In the year 2000, world leaders met to create a plan to establish goals to eradicate extreme poverty, hunger, illiteracy and disease. Organized by the United Nations, the group also aimed to achieve gender equality and the empowerment of women, environmental sustainability and a global partnership for development.

However, in Latin America and the Caribbean, rising food prices and the current economic crisis threaten to cast doubt on progress towards meeting some of the Millennium Development Goals, according to a new United Nations report.

The report includes an update on how this region fares in respect to achieving the aims, which were hoped to culminate in halving extreme poverty by 2015.

Latin America and the Caribbean progressed in eradicating poverty from 1999 to 2005, as the percentage of people living on less than $1.25 per day fell from 11 to 8 percent. However, the recent upswing in food prices has begun to reverse that trend, and the Food and Agriculture Organization of the United Nations reports that 53 million people in the Central American region experience extreme poverty.

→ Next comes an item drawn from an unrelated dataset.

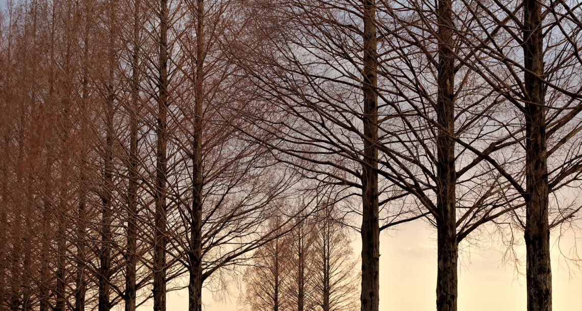 夜明けのカラ松林

The Latin American and the Caribbean region is the leader in the efforts to achieve gender parity in parliamentary representation, with 22 seats held by women, up 15 percent since 2000. The region has reached its target goal of gender parity in education and has the highest share of women in paid employment outside of agriculture (45 percent in 2007).

The study also shows that the Latin American and Caribbean region is reducing the death rate of children under five and that reaching the goal of reducing mortality rate two-thirds by 2015 is probable. The rate decreased from 54 deaths per 1,000 live births in 1990, to 24 deaths in 2007.